Obiliq or Kastriot (/sq/) or Obilić (Обилић, /sr/), is a town and municipality in Kosovo. According to the Kosovo Agency of Statistics (KAS) estimate from the 2024 census, there were 22,794 people residing in Obilic Municipality, with Kosovo Albanians constituting the majority of the population.

== Name ==

Prior to the Balkan Wars, the settlement was known as Globoderica (Глободерица).

Following the conflict, the settlement was incorporated into Serbia and renamed Obilić as part of the efforts to reunite Serbian lands in the early twentieth century when inhabited places within Kosovo were named after heroes from Serbian epic poetry.
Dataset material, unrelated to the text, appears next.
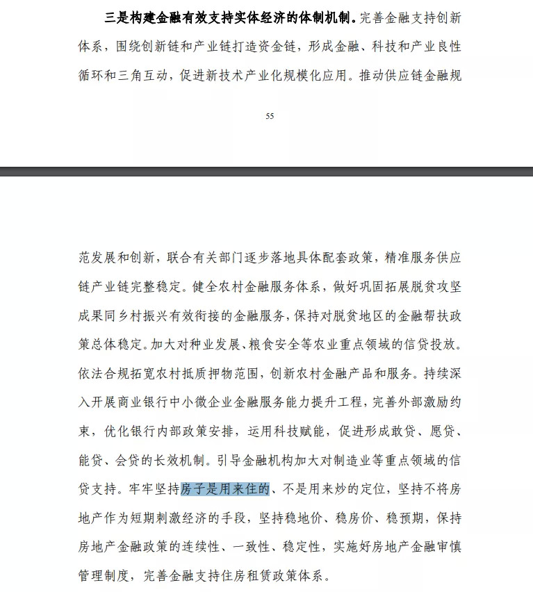对于房地产层面,报告称要牢牢坚持“房子是用来住的、不是用来炒的”定位,坚持不将房地产作为短期刺激经济的手段,坚持稳地价、稳房价、稳预期,保持房地产金融政策的连续性、一致性、稳定性,实施好房地产金融审慎管理制度,完善金融支持住房租赁政策体系。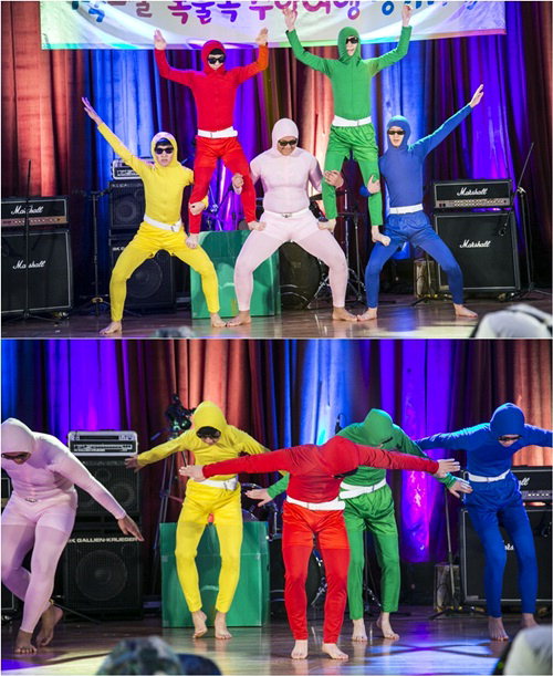 °ø°³µÈ »çÁø ¼Ó¿¡´Â ÂÌÂÌÀ̸¦ ÀÔ°í Àΰ£Å¾À» ½×¾Æ Æ÷Á ÃëÇϰí ÀÖ´Â 'Áö±¸¹æÀ§´ë'ÀÇ ¸ð½ÀÀÌ ´ã°ÜÀÖ´Ù. 'Áö±¸¹æÀ§´ë' 5ÀÎÁ¶´Â ¼±±Û¶ó½º¸¦ Âø¿ëÇϰí, »¡°, ÆÄ¶û, ÃÊ·Ï, ³ë¶û, ºÐÈ«À̶ó´Â ´Ù¼¸ ºû±òÀÇ ÂÌÂÌÀ̸¦ Â÷·Á ÀÔÀº ä »ç¹µ ÁøÁöÇÏ°Ô Æ÷Á ÃëÇϰí ÀÖ¾î ¿ôÀ½À» ÀھƳ½´Ù.

The placename Obilić refers to the Serbian national hero Miloš Obilić who killed the Ottoman Sultan Murad I at the Battle of Kosovo (1389).

In Albanian, the town is known as Obiliq (a transliteration of the Serbian name), while an alternative name (used by Albanians ) was coined by the Albanological Institute, Kastriot, after Albanian national hero Gjergj Kastrioti Skanderbeg (1405–1468).

== Geography ==
Situated on the edge of the Kosovo field, Obiliq municipality rests 10 km northwest of Pristina. It has a good geographical position and is bordered by five other municipalities which are Pristina, Fushë Kosova, Drenas, Vushtrri and Podujevë.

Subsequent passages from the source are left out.